On his return from the crusade at the end of 1192 Richard was imprisoned by a disgruntled Duke Leopold of Austria (who accused him of arranging the murder of his cousin). He was eventually ransomed for a very large sum of money that was raised by his mother, and released after more than a year of captivity.
Some historians have not had particularly kind words about Richard. Consider the voice of William Stubbs, cited on Richard’s wikipedia page:
‘He was a bad king: his great exploits, his military skill, his splendour and extravagance, his poetical tastes, his adventurous spirit, do not serve to cloak his entire want of sympathy, or even consideration, for his people. He was no Englishman, but it does not follow that he gave to Normandy, Anjou, or Aquitaine the love or care that he denied to his kingdom. His ambition was that of a mere warrior: he would fight for anything whatever, but he would sell everything that was worth fighting for. The glory that he sought was that of victory rather than conquest.”
Richard met a strange end. But he didn’t seem like the kind of man who would die in his sleep. Here is how his Wikipedia page describes what happened:
“In the early evening of 25 March 1199, Richard was walking around the castle perimeter without his chainmail, investigating the progress of sappers on the castle walls. Missiles were occasionally shot from the castle walls, but these were given little attention. One defender in particular amused the king greatly—a man standing on the walls, crossbow in one hand, the other clutching a frying pan which he had been using all day as a shield to beat off missiles.
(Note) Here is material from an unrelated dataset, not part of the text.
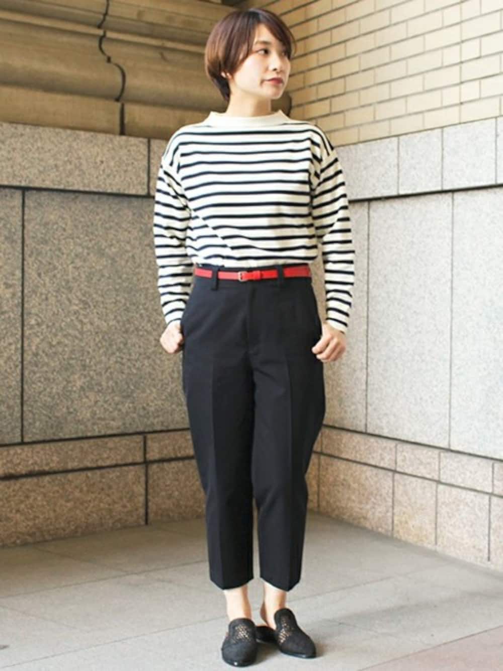なめらかな肌触りが魅力のボーダーコットンニットは、 これからの季節にぴったりの一枚です。 光沢感のあるツイルパンツを合わせれば、 カジュアルに偏り過ぎない上品なルックスに。 赤のベルトでスパイスをプラスした、大人マリンスタイル。
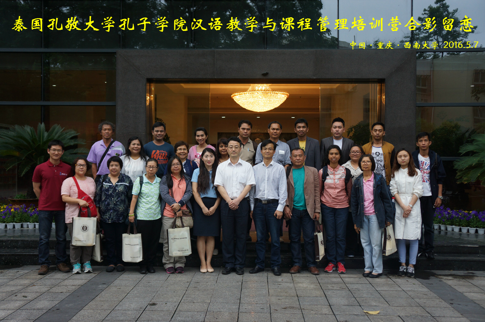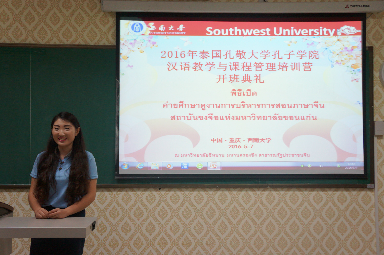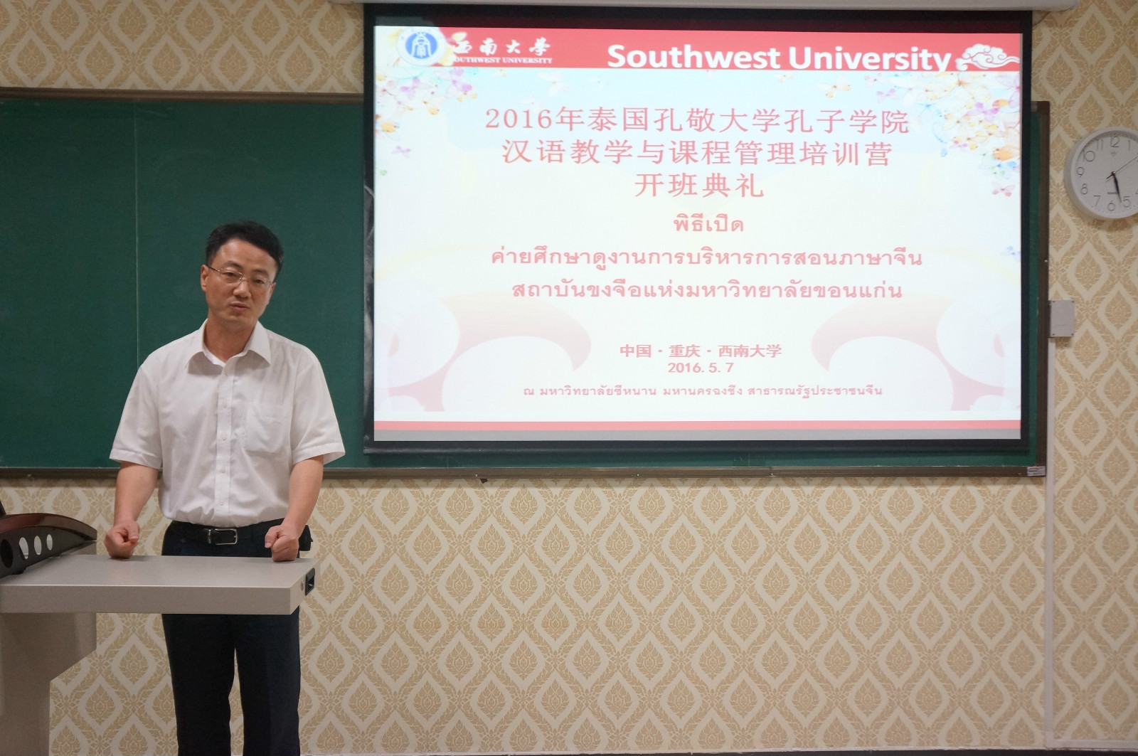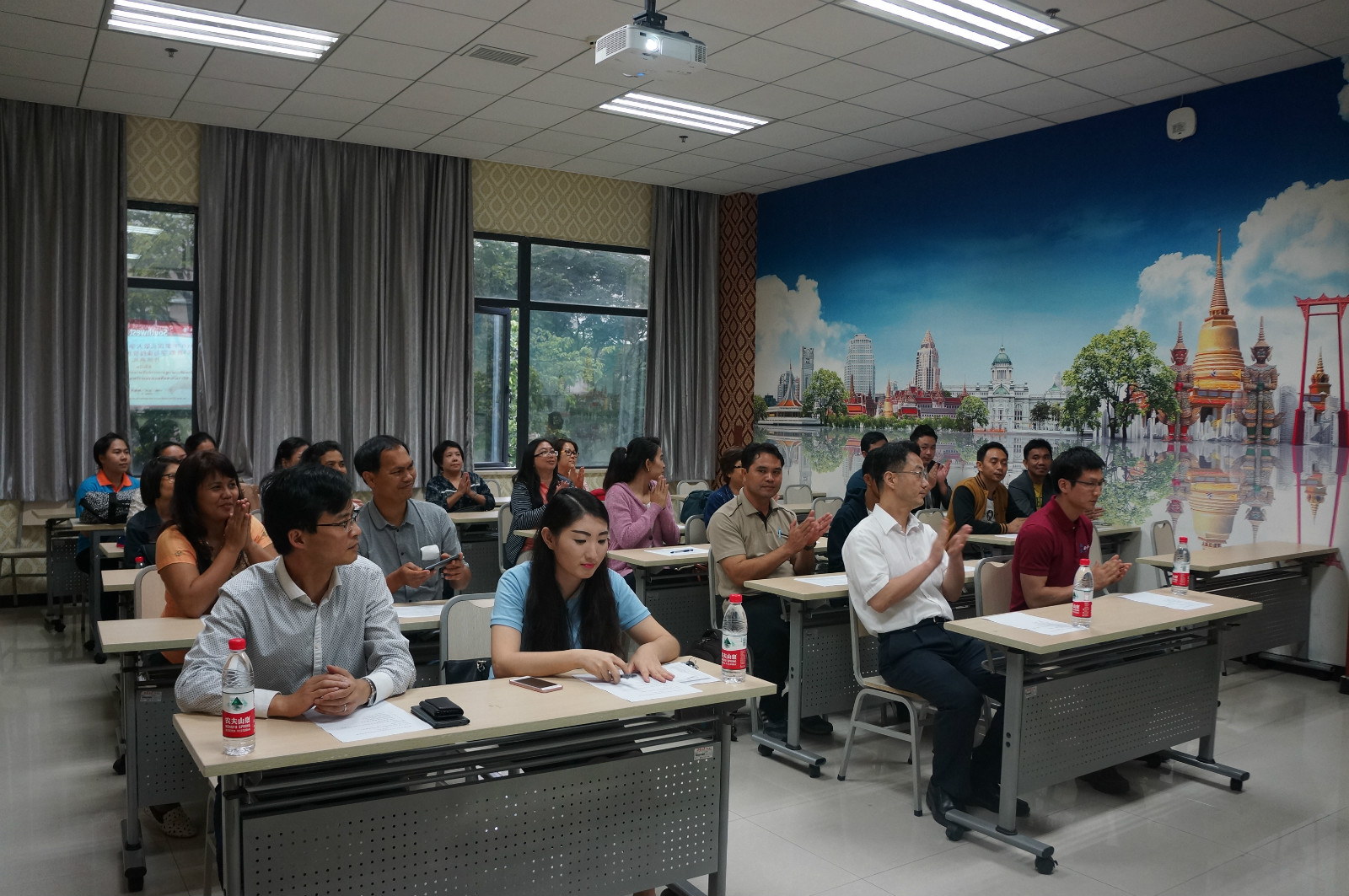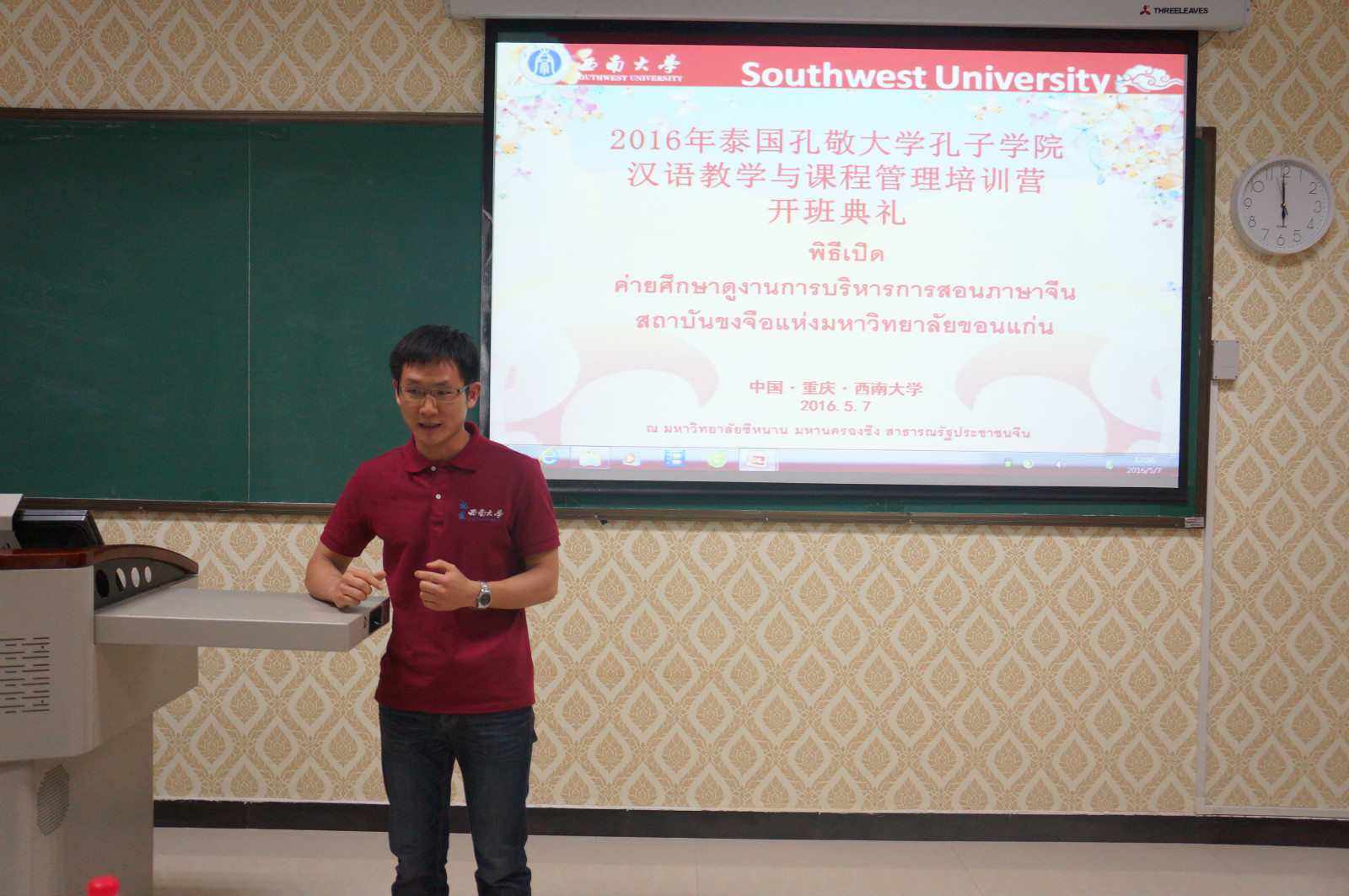 5月7日下午5点,泰国孔敬大学孔子公司汉语教学与课程管理培训营开班典礼在紫云楼泰国文化教室顺利举行。sunbet申搏副经理李航,招生办公室主任代远鸿,泰国教师代表丰雅,培训营教师代表舒敬斌,以及来自泰国16所高等职业院校的20名教师团员参加了开班典礼。

He deliberately aimed at the king, which the king applauded; however, another crossbowman then struck the king in the left shoulder near the neck. He tried to pull this out in the privacy of his tent but failed; a surgeon, called a ‘butcher’ by Hoveden, removed it, ‘carelessly mangling’ the King’s arm in the process. The wound swiftly became gangrenous. Accordingly, Richard asked to have the crossbowman brought before him; called alternatively Pierre (or Peter) Basile, John Sabroz, Dudo, and Bertrand de Gurdon (from the town of Gourdon) by chroniclers, the man turned out (according to some sources, but not all) to be a boy. This boy claimed that Richard had killed the boy’s father and two brothers, and that he had killed Richard in revenge. The boy expected to be executed; Richard, as a last act of mercy, forgave the boy of his crime, saying, “Live on, and by my bounty behold the light of day,” before ordering the boy to be freed and sent away with 100 shillings. Richard then set his affairs in order, bequeathing all his territory to his brother John and his jewels to his nephew Otto.
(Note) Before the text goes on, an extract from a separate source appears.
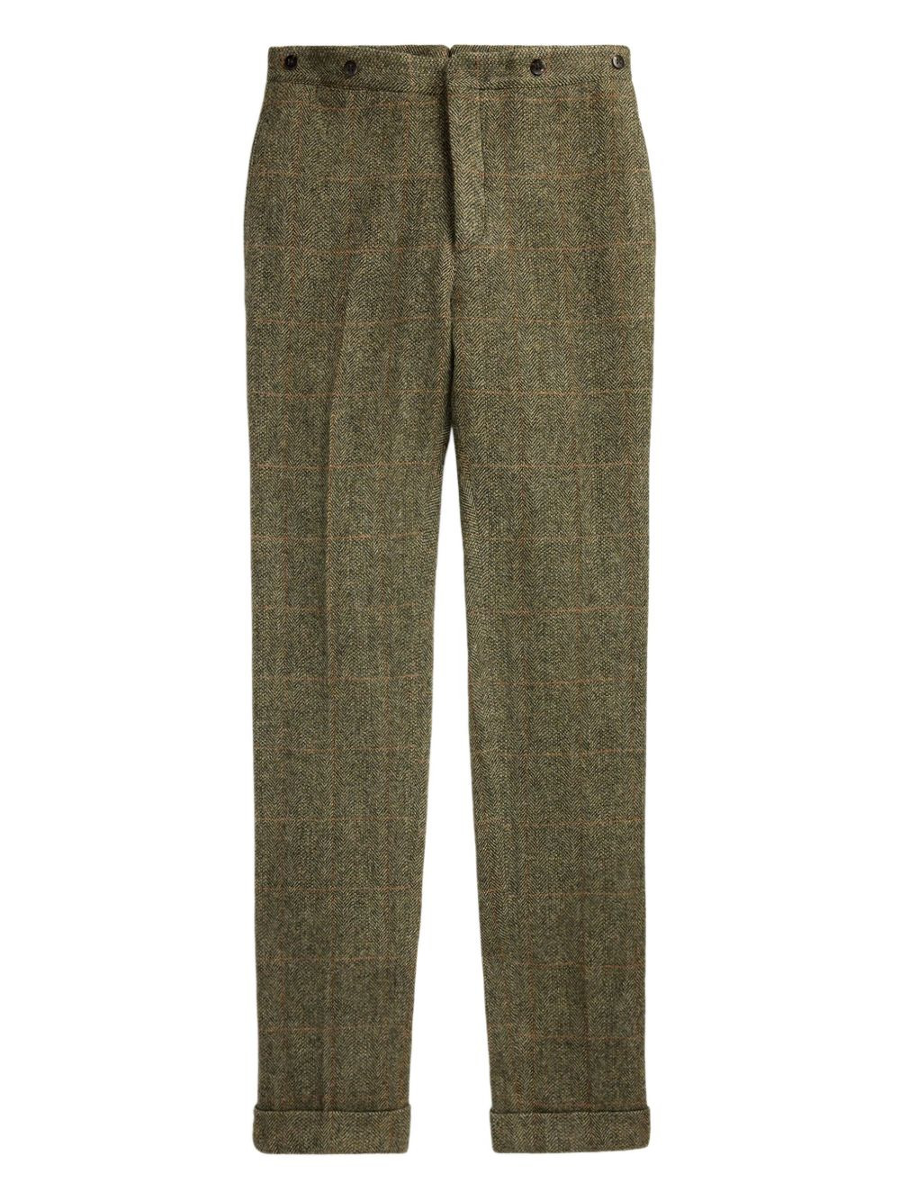 checked tailored trousers Highlights - Olive green - Checked pattern - Concealed front fastening - Two front slit pockets - Two back welt pockets Made in Italy Composition Wool 100% Washing instructions Read Manufacturer Guidelines

Richard died on 6 April 1199 in the arms of his mother; it was later said that “As the day was closing, he ended his earthly day.” Due to the nature of Richard’s death, he was later referred to as ‘the Lion (that) by the Ant was slain’. According to one chronicler, Richard’s last act of chivalry proved fruitless; in an orgy of medieval brutality, the infamous mercenary captain Mercadier had the crossbowman flayed alive and hanged as soon as Richard died.”
And the moral of this story? There are probably many, but one that comes to mind is “don’t applaud when someone points a weapon at you”.